Глава 16 Закупки

Утром я стоял у окна комнаты, глядя на двор госпиталя, где санитары расчищали двор от грязи. Струве уже показал мне приказ Беляева. Восстановить систему вентиляции. Немедленно. Работать круглосуточно.

Я оделся, умылся ледяной водой из кувшина, пытаясь прогнать остатки ночных кошмаров. Нужно приступать к работе. Осмотреть палаты, составить план восстановления, распределить людей.

Стук в дверь прервал размышления.

— Александр Дмитриевич! — голос Зотова звучал взволнованно. — Полковник Энгельгардт прибыл! Требует немедленно явиться в кабинет главного лекаря!

Энгельгардт? Сейчас? Он же не должен приезжать до конца недели…

Я схватил сюртук, натянул, застегивая пуговицы на ходу, и бросился следом за младшим лекарем.

Коридоры госпиталя еще тонули в утренней тишине. Только в дальних палатах слышались приглушенные голоса да изредка стоны боли.

Мы миновали приемный покой, где дежурный фельдшер заполнял какие-то ведомости, промчались мимо аптеки с ее характерным запахом трав и лекарств.

Дверь кабинета Беляева оказалась приоткрыта. Изнутри доносился мерный, властный голос. Я узнал его сразу. Энгельгардт.
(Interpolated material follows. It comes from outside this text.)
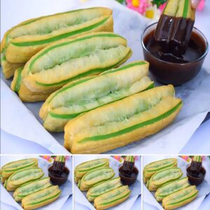 • นำส่วนผสมเเป้งใส่ที่บีบเเล้วบีบใส่ถาดเป็นเส้นยาว ประมาณ 6 เซนติเมตร หรือเป็นทรงกลม นำไปอบที่อุณหภูมิ 190 องศาเซลเซียส เป็นเวลา 25 นาที ใช้ไฟบน-ล่าง หลังจากที่อบเสร็จเเล้วให้พักในเตาก่อน เเง้มเตาเพื่อปรับอุณหภูมิก่อนนำขนมออกจากเตาอบสัก 10 นาที ขนมจะได้ไม่เเฟบ เเล้วค่อยมาพักต่อข้างนอกค่ะ หลังจากนั้นเราก็เจาะรูขนมเปิดทางเพื่อที่จะบีบไส้คัสตาร์ดเเละไส้สังขยาใบเตยเข้าไป เเละก็บีบไส้ใส่ขนมจนเต็ม เป็นอันเสร็จค่ะ

Я остановился на пороге, перевел дыхание, привел в порядок мундир и постучал.

— Войдите! — раздался короткий приказ.

За массивным дубовым столом сидел не Беляев, а полковник Энгельгардт, высокий, седой, с орденскими планками на груди и суровым, изборожденным морщинами лицом. Беляев стоял сбоку, у окна, с бледным, осунувшимся лицом и потухшим взглядом.

Рядом с полковником, у стола, расположился Струве.

— Капитан Воронцов, — Энгельгардт поднялся, когда я вошел. — Наконец-то. Садитесь.

Я сел на предложенный стул. Полковник обошел стол, остановился передо мной, заложив руки за спину.

— Итак, капитан, — начал он тоном человека, привыкшего получать ответы немедленно, — объясните мне, что здесь произошло. Я покидаю госпиталь две недели назад. Все в порядке, эксперимент идет успешно, больные выздоравливают. Возвращаюсь, а тут вспышка госпитальной лихорадки, восемь трупов, два десятка зараженных. Что случилось?

Я бросил взгляд на Беляева. Главный лекарь стоял неподвижно, опустив голову.

— Господин полковник, — начал я, — дело в том, что система вентиляции оказалась демонтирована…

— Я уже знаю! — резко оборвал меня Энгельгардт. — Василий Порфирьевич доложил о своем решении. Вопрос в другом. Почему вы, капитан, не доложили мне об этом немедленно?

А кто я такой чтобы докладывать ему?

— Я полагал, что только главный лекарь подотчетен вам и не хотел нарушать субординацию.

Полковник раздраженно выдохнул.

— Если мне доложили вовремя, ничего этого не было, — Энгельгардт сел обратно за стол. — Никто не приказывал сворачивать эксперимент. Это решение Василия Порфирьевича, принятое по собственной инициативе. Из страха перед проверкой.

Он сложил руки перед собой:

— Впрочем, не мне судить. Это дело начальства. Я же приехал решать практические вопросы.

Полковник посмотрел на меня:

— Капитан Воронцов, сколько времени потребуется на восстановление системы во всех палатах?

Я быстро прикинул в уме:

— Господин полковник, в первой палате система разрушена полностью. Потребуется дня три на восстановление. Во второй и четвертой работы по устранению не закончен, там быстрее, сутки-двое. В третьей все практически на месте, только доделать…

— Итого неделя, — кивнул Энгельгардт. — А если работать круглосуточно?

— Дня четыре, господин полковник.

— Хорошо. Приказываю работать круглосуточно. Василий Порфирьевич, — он повернулся к главному лекарю, — предоставьте капитану всех необходимых людей. Всех! Хоть весь госпиталь поставьте на работы, но чтобы через четыре дня система действовала во всех палатах.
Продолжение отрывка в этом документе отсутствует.